Upgrade procedure 2.1.5->2.2 with CARP active

  • When upgrading pfSense (e.g. 2.1.4->2.1.5) , I usually do stuff on the backup machine, and if it's completed I execute the upgrade stuff on the other  machine while the backup is the temporary CARP master; the usual HA-procedure.

    The feature list for pfS2.2 states some differences for CARP, so I wonder how reliable a 2.1.5/2.2 mixed environment might be.

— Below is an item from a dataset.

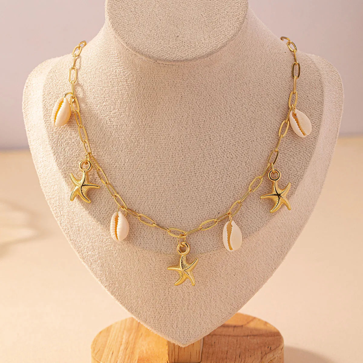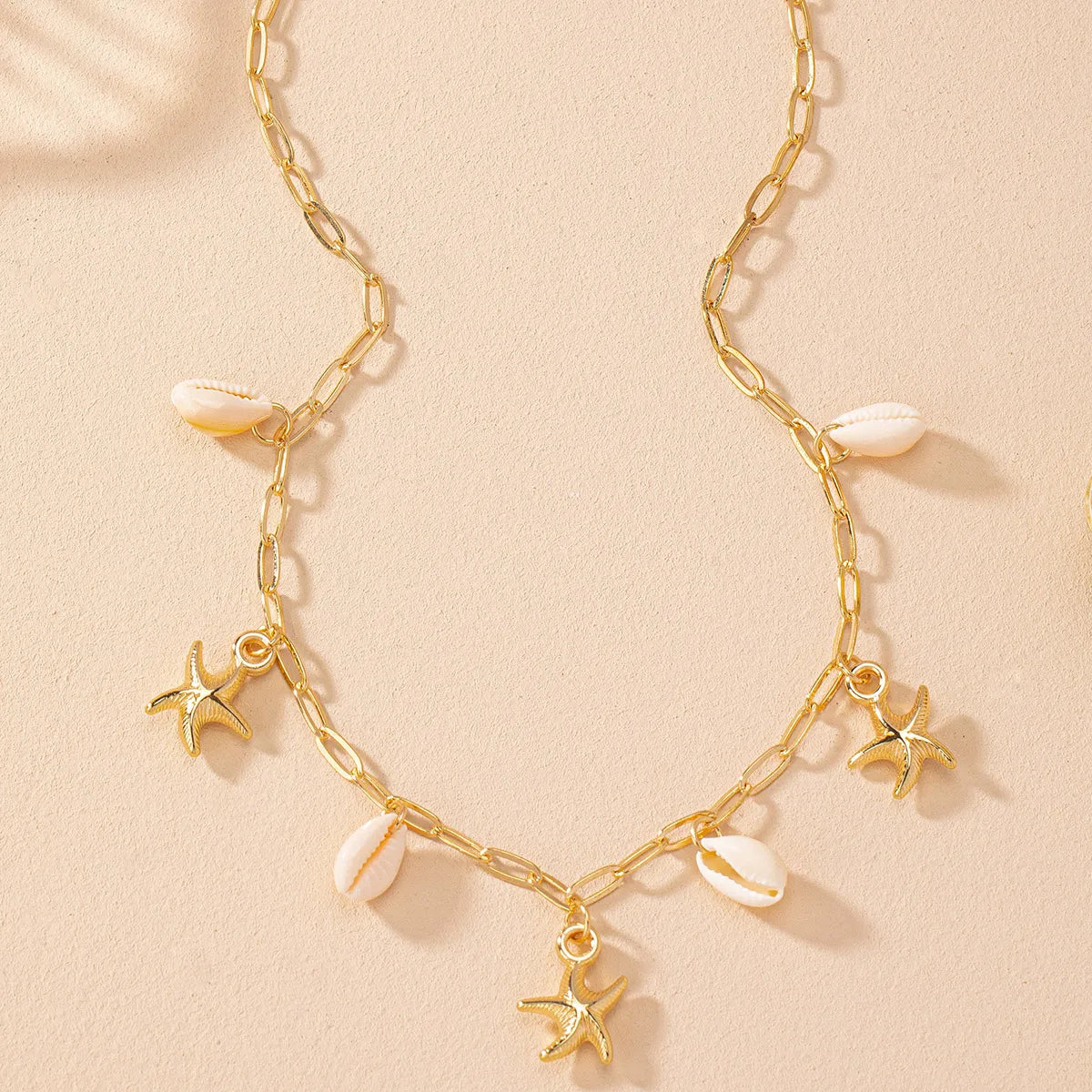 Wholesale Jewelry Vacation Marine Style Solid Color Alloy Shell Necklace
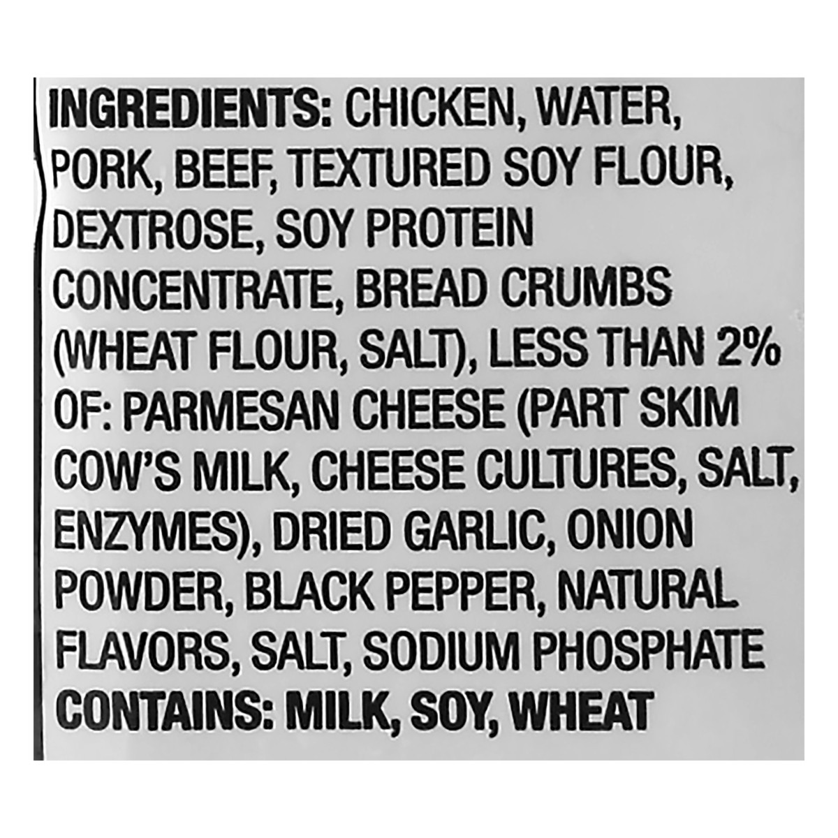 Chicken, Water, Pork, Beef, Textured Soy Flour, Dextrose, Soy Flour, Dextrose, Soy Protein Concentrate, Bread Crumbs, (Wheat Flour, Salt), Less than 2% of: Parmesan Cheese (Part Skim Cow's Milk, Chees…

Since I have to upgrade some more service I'm running on pfSense, it will take some hours to upgrade all services (named, slapd…) , the router pair will be in a mixed 2.1.5/2.2 configuration for a prolonged time.

    Is a mixed configuration expected to be stable or is it advisable to re-configure the non-upgraded master to non-CARP interfaces to avoid conflicts?

  • https://doc.pfsense.org/index.php/Upgrade_Guide#Upgrading_High_Availability_Deployments

    I've upgraded a CARP system from 2.1.4 as described there. No issue.
    However, in CARP mixed mode 2.1.x + 2.2 the states are not synced to slave, so connections are lost if the 2.1.x master take over CARP master again. E.g. if you restart the machine. If you don't want that pull out the WAN cable.